Start of EXTRACTED DATA
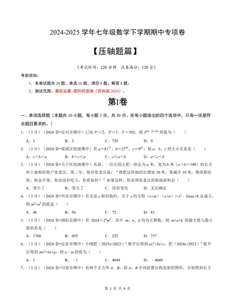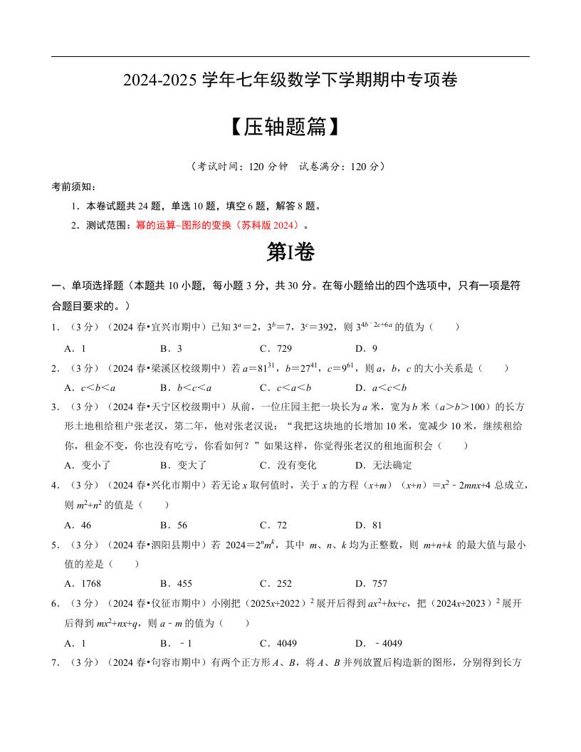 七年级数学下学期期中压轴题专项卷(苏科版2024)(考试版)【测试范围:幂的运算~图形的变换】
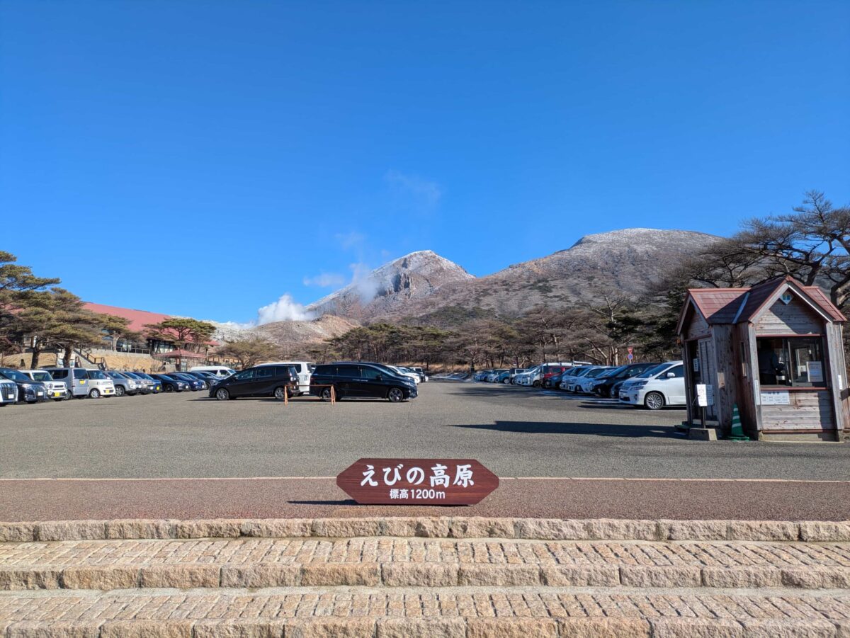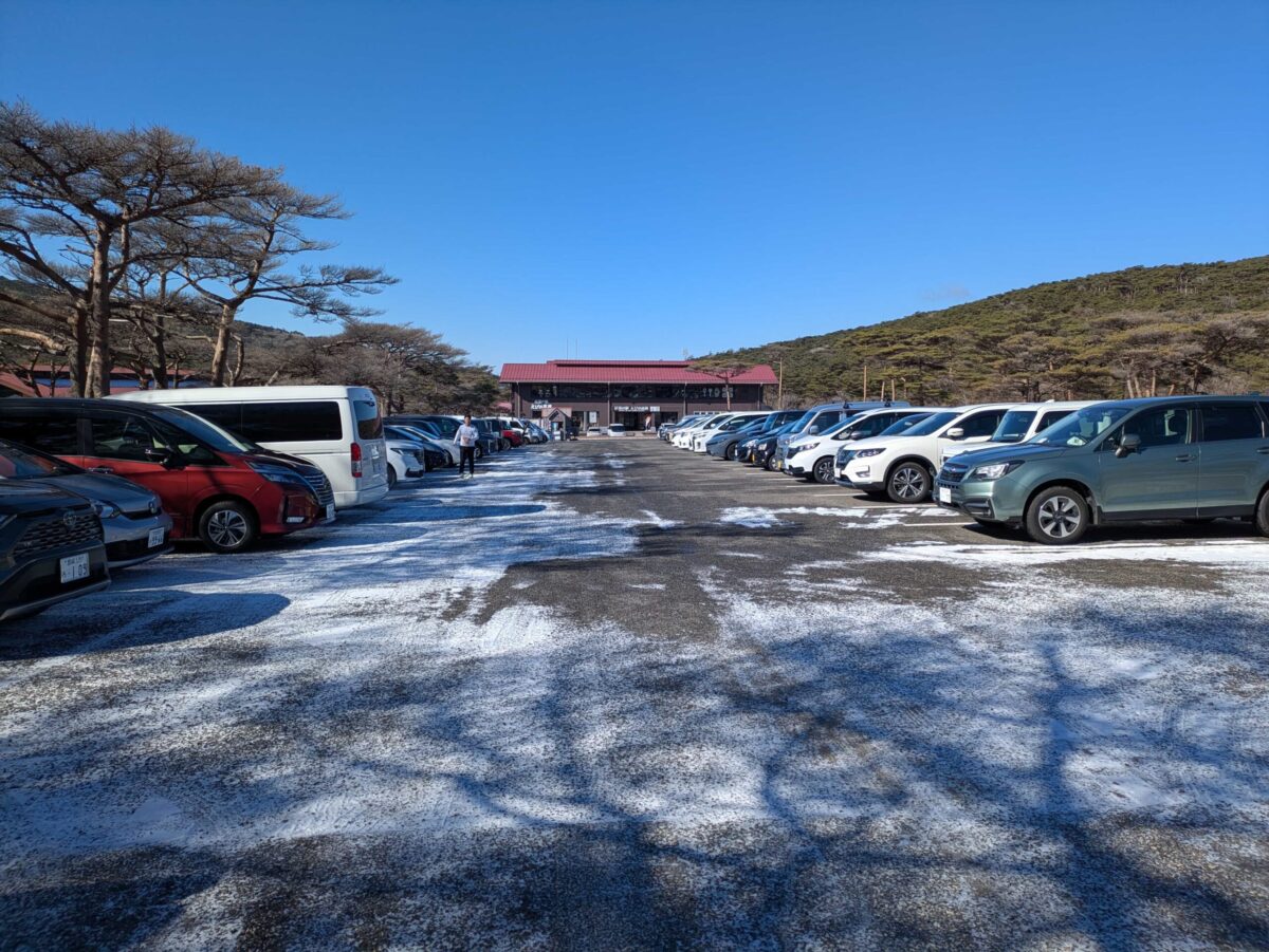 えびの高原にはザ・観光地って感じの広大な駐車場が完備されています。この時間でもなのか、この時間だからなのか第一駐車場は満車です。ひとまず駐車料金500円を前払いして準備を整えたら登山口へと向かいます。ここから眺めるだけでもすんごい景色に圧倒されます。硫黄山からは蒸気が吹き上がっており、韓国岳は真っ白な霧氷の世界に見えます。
End of EXTRACTED DATA
Start of EXTRACTED DATA
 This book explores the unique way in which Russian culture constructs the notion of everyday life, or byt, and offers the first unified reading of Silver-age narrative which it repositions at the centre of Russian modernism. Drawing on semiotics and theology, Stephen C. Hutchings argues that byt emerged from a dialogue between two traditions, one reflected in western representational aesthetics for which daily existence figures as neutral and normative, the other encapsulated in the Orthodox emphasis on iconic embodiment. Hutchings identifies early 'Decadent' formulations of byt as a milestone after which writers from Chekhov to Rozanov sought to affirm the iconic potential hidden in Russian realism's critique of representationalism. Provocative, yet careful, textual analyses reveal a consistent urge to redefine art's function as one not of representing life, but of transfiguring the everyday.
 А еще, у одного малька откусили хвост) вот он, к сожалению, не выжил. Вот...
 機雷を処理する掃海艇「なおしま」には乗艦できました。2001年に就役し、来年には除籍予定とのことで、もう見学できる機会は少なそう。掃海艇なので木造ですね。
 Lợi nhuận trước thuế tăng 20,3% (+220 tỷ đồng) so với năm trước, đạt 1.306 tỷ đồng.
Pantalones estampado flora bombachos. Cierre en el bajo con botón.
End of EXTRACTED DATA
| TASK PROMPT |
From the records above, reproduce exactly the lines from the one with "Lợi nhuận trước" to the one with "Pantalones estampado flora", both included, and no others.

| ANSWER TO THE EXERCISE |
 Lợi nhuận trước thuế tăng 20,3% (+220 tỷ đồng) so với năm trước, đạt 1.306 tỷ đồng.
Pantalones estampado flora bombachos. Cierre en el bajo con botón.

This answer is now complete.